Aims and objectives

This exercise is designed to demonstrate the sensitivity of sporozoites, the invasive stages of coccidial parasites, to ionophorous drugs.

Specifically, the practical will examine:

1. How sporozoites may be recovered from transmission stages, the oocysts of the coccidial parasites, by a combination of physical damage and enzymatic digestion (via an intermediate sporocyst stage).

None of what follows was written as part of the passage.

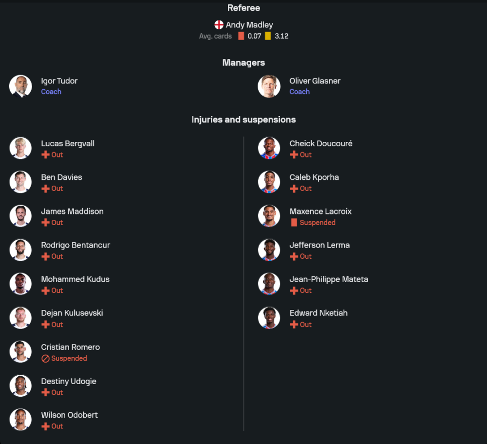 สเปอร์สของ อิกอร์ ตูดอร์ เจองานหนักตรง “ตัวหาย” เพราะมีทั้งเจ็บทั้งแบนกองเต็มแผง โดยเกมนี้ยังไร้ คริสเตียน โรเมโร่ ที่ติดโทษแบนเป็นนัดสุดท้าย แถมกลุ่มเดี้ยงหน้าเดิมยังไม่กลับมาอีกยก ไม่ว่าจะเป็น โรดริโก้ เบนตานกูร์, ลูคัส เบิร์กวัลล์, เบ็น เดวี่ส์, โมฮัมเหม็ด คูดุส, เดยาน คูลูเซฟสกี้, เจมส์ แม็ดดิสัน, วิลซง โอโดแบร์ และ เดสตินี้ อูโดกี้ ทำให้การจัดทัพแทบต้อง “ปะผุ” กันหลายตำแหน่ง แต่ทรงของตูดอร์ยังชัดว่าจะยืนระบบ 4-2-3-1 เพื่อให้เกมรุกมีสองหัวหอกค้ำหน้าแล้วบีบเกมให้เร็วขึ้น แนวคิดคือเล่นให้ดุดันขึ้น แต่ปัญหาคือความแน่นในเกมรับยังไม่น่าไว้ใจ
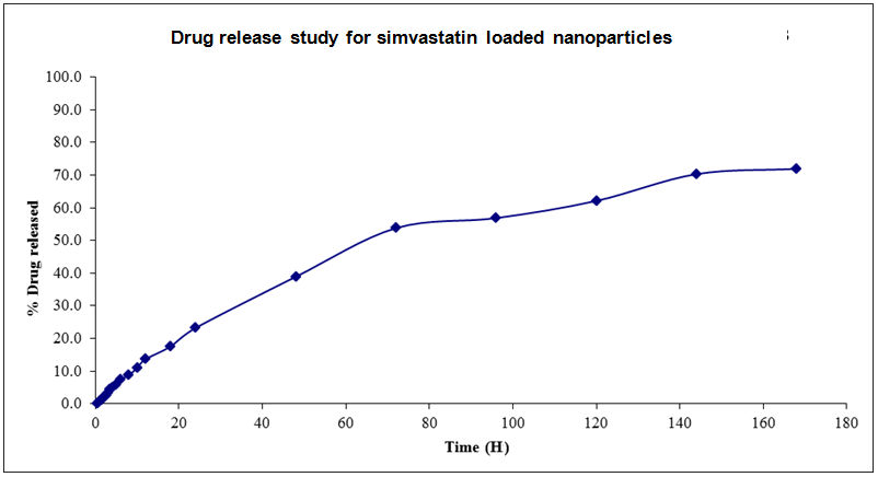 The In vitro drug release study was performed at pH 7.4 to simulate the In vivo condition of plasma. The drug release profile of Simvastatin from NPs is shown in fig. 5.

2. The lethality of the ionophore, monensin, to extracellular sporozoites by incubating the mixture of sporozoites, with remaining intact sporocysts and oocysts, in the presence of different concentrations of the drug.

Introduction

Coccidial protozoa are found wherever poultry are reared and an absolute need to prevent or control infections in commercial meat and egg-laying flocks has led to the use of many anticoccidial drugs. The most useful drugs continue to be the ionophorous antibiotics, even though widespread resistance to these drugs has been reported for many years. The drugs act by taking up residence within the cell membrane (pellicle) of the transiently extracellular stages, the sporozoites and merozoites, where they interfere with ion transport across the membrane. The test to be demonstrated in this practical is based on the viability/distortion and/or lysis of sporozoites as the drug interacts with the cell membranes of the parasite and interferes with the functioning of the ATP-dependent pumps that regulate the concentration of intracellular cations. It is thought that the drug acts as a pore in the membrane so that ions, commonly sodium, magnesium or calcium, may move from the outside milieu via the ionophore into the cytoplasm of the parasite.